Initial Equalities Screening Record Form

 

Date of Screening:

Directorate: Place, Planning and Regeneration

Section: Public Health

1.  Activity to be assessed

Development and implementation of a new Health and Wellbeing Strategy for Bracknell Forest Council. 

 

2.  What is the activity?

 Policy/strategy    Function/procedure     Project     Review     Service    Organisational change

3.  Is it a new or existing activity?

 New      Existing

4.  Officer responsible for the screening

Louise Duffy – Senior Public Health Strategist

5.  Who are the members of the screening team?

Public Health: Louise Duffy, Tanvi Baretto, Annie Yau-Karim, Alberta Kattah

6.  What is the purpose of the activity?

Please describe briefly its aims, objectives and main activities as relevant.  

 

Public Health has been leading on the development of a new Health and Wellbeing Strategy for Bracknell Forest Council. The Health and Wellbeing Strategy is a joint plan that sets the priorities for improvement based on the current understanding of the health and wellbeing profile of the population. In addition to the findings from the JSNA, it considers insights from topic experts, service providers, service users and residents. It sets out the actions that local system partners (commissioners, service providers, service users and residents) should jointly take to achieve the improvement outcomes. Furthermore, it describes how progress on improvement will be monitored.

 

The strategy also draws on the impact of the COVID-19 pandemic and specific population groups who have been disproportionately affected by COVID-19, either being at greater risk of complications or mortality resulting from the disease e.g., older people or those from non-white groups, or the indirect effects such as psychological distress resulting from long-term isolation e.g., women, children, and older people.

 

The strategy has six objectives which have been develop based on local health intelligence and all aim to reduce key health inequalities in the borough. The six broad objectives are as follows:

·         Give all children the best start in life

·         Promote mental health and improve the lives of those with mental ill-health

·         Create opportunities for individual and community connections, enabling a sense of belonging and the awareness that someone cares.

·         Improve years lived with good health and happiness.

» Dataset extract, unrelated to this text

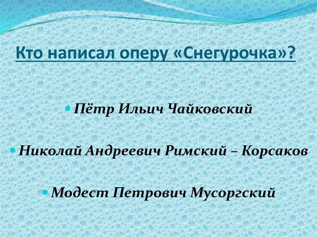 Кто написал оперу «Снегурочка»?Пётр Ильич Чайковский

·         Keep residents safe from COVID-19 and other infectious diseases

The Health and Wellbeing strategy aims is to reduce health inequalities. It will do this by scrutinising local data to identify population groups which are currently, or at risk of, experiencing poorer health outcomes. Each of the objectives in the Health and Wellbeing strategy uses local data as a starting point to understand who is most affected by a particular health issue and the objectives have been developed accordingly to address this. Such data will be taken from local and national sources including the Bracknell Forest Joint Strategic Needs Assessment and Berkshire Public Health Observatory. It will also be informed by softer intelligence gathered through the workshops and consultation with key groups representing some of the protected characteristics. The proposed impact on equalities has been described according to each protected characteristic below. Overall, equalities issues have been addressed throughout the development of the strategy itself through a coproduction approach and by exploring health and wellbeing needs across the life course. Equalities are therefore addressed as a key part of the strategy.

 

7.  Who is the activity designed to benefit/target?

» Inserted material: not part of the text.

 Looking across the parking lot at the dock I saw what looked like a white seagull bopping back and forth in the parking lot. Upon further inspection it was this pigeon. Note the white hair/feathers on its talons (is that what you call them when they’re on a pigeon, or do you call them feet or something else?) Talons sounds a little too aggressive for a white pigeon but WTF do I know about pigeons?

The strategy is designed to benefit all residents and in particular address key health inequalities across the borough as it takes both a universal and targeted approach and uses data to identify those groups who are at risk of experiencing the poorest health outcomes, who often also represent one or more of the protected characteristics.

Protected Characteristics

 

Please tick

yes or no

Is there an impact?

What kind of equality impact may there be? Is the impact positive or adverse or is there a potential for both? 

If the impact is neutral, please give a reason.

What evidence do you have to support this?

E.g equality monitoring data, consultation results, customer satisfaction information  etc

Please add a narrative to justify your claims around impacts and describe the analysis and interpretation of evidence to support your conclusion as this will inform members decision making, include consultation results/satisfaction information/equality monitoring data

8. Disability Equality – this can include physical, mental health, learning or sensory disabilities and includes conditions such as dementia as well as hearing or sight impairment.

 

Y

 

The Health and Wellbeing Strategy will have a positive impact to this characteristic.

The JSNA indicates that there are currently 310 adults (aged 18-64) with a learning disability known to Local Authorities in Bracknell Forest. This equates to a rate of 4.21 per 1000 population and is similar to the national average (Learning Disability Profiles, PHE). In 2014, Bracknell Forest was estimated to have 5,716 people with a moderate disability (table 1) and 1,670 with a severe disability who were aged 18 to 64. It is predicted that currently 48 people aged 18-64 in Bracknell Forest have a serious visual impairment  (Institute of Public Care POPPI & PANSI databases).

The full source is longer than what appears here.